_Data extracts_
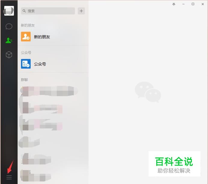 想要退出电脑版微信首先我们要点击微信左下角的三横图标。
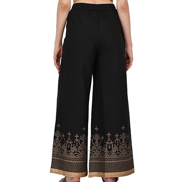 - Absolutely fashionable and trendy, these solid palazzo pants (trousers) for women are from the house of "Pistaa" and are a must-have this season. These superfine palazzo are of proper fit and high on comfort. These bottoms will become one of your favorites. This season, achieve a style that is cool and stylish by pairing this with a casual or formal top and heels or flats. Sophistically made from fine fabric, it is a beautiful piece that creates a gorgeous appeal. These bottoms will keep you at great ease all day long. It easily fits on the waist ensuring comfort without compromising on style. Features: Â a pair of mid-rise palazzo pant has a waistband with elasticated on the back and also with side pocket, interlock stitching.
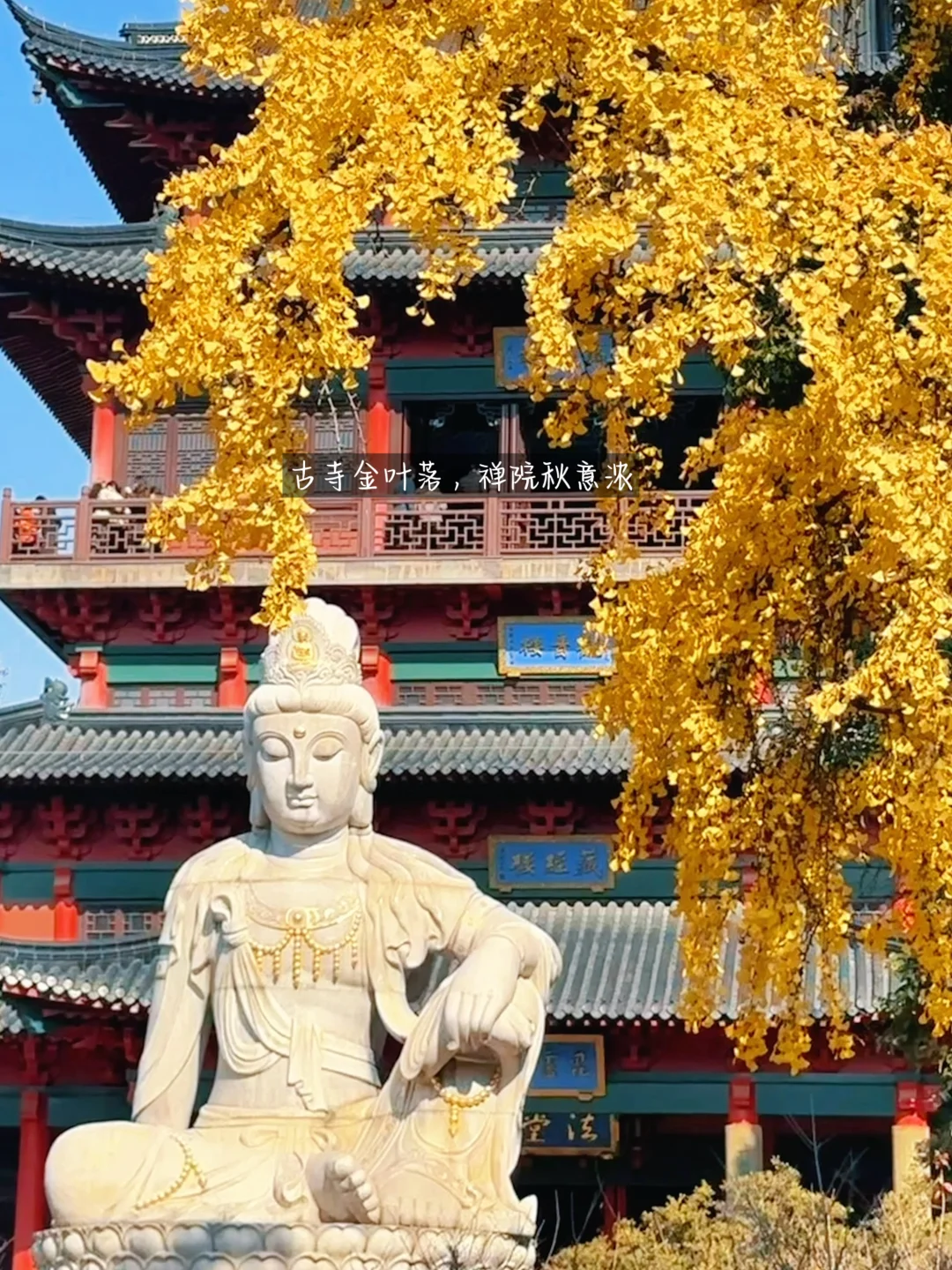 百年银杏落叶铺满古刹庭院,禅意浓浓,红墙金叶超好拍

--

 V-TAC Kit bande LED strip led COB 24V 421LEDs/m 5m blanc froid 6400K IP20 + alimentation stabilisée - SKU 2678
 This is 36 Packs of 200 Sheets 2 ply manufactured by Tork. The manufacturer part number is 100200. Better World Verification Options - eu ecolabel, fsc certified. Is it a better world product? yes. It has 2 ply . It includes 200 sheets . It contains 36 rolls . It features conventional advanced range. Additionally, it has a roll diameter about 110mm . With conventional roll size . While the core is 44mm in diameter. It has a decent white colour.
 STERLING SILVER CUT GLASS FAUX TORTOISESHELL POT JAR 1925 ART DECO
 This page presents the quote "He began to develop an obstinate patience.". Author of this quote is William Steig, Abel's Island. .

---

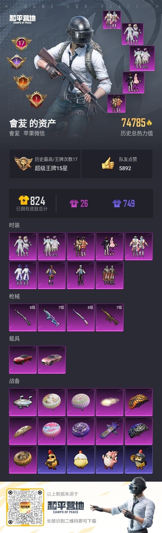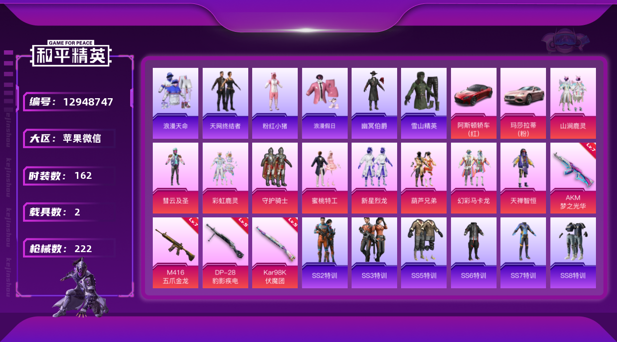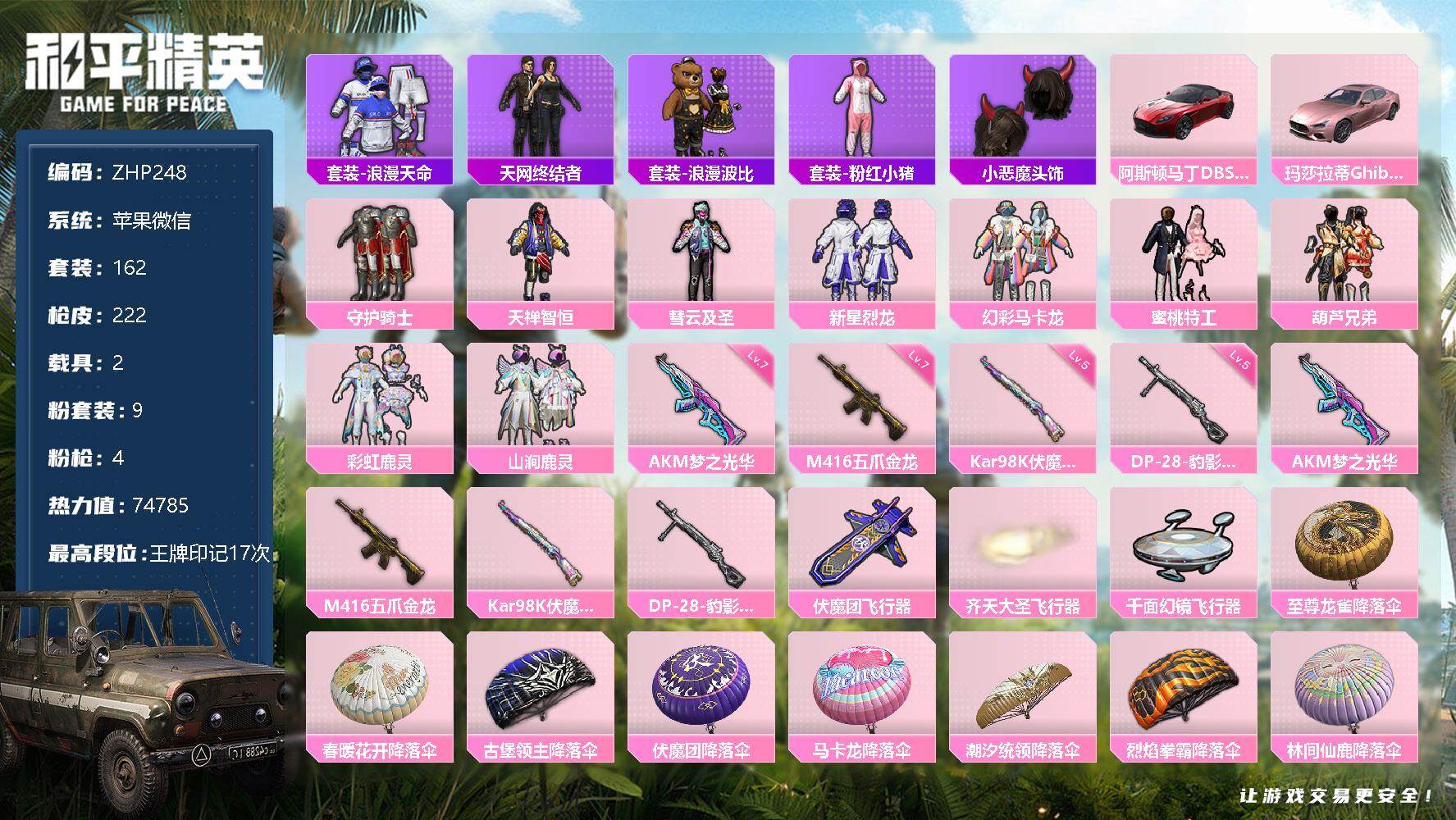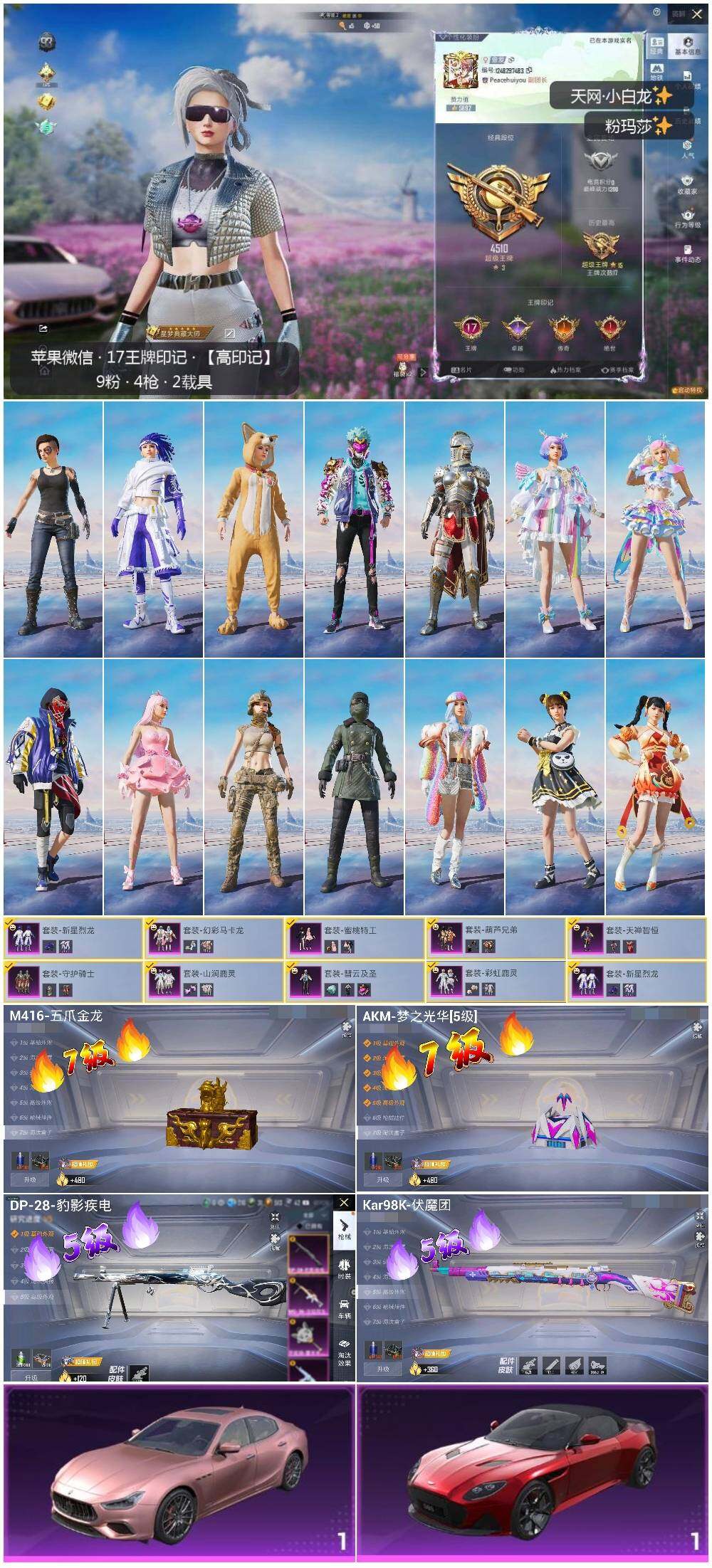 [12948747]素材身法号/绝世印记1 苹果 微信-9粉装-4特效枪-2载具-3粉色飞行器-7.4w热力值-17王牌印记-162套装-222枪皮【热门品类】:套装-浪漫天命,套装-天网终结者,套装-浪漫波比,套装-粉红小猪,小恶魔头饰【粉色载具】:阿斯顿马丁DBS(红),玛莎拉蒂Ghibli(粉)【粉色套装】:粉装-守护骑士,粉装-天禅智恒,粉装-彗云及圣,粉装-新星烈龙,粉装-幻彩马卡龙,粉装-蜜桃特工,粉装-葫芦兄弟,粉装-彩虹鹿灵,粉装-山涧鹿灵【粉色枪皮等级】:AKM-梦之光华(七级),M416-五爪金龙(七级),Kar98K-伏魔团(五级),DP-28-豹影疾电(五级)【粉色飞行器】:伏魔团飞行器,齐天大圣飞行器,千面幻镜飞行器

_Exercise objective_
Give again, word for word, every line of the listing above from the one with "STERLING SILVER CUT" to the one with "This page presents", both inclusive, and nothing beyond them.

_Output for this task_
 STERLING SILVER CUT GLASS FAUX TORTOISESHELL POT JAR 1925 ART DECO
 This page presents the quote "He began to develop an obstinate patience.". Author of this quote is William Steig, Abel's Island. .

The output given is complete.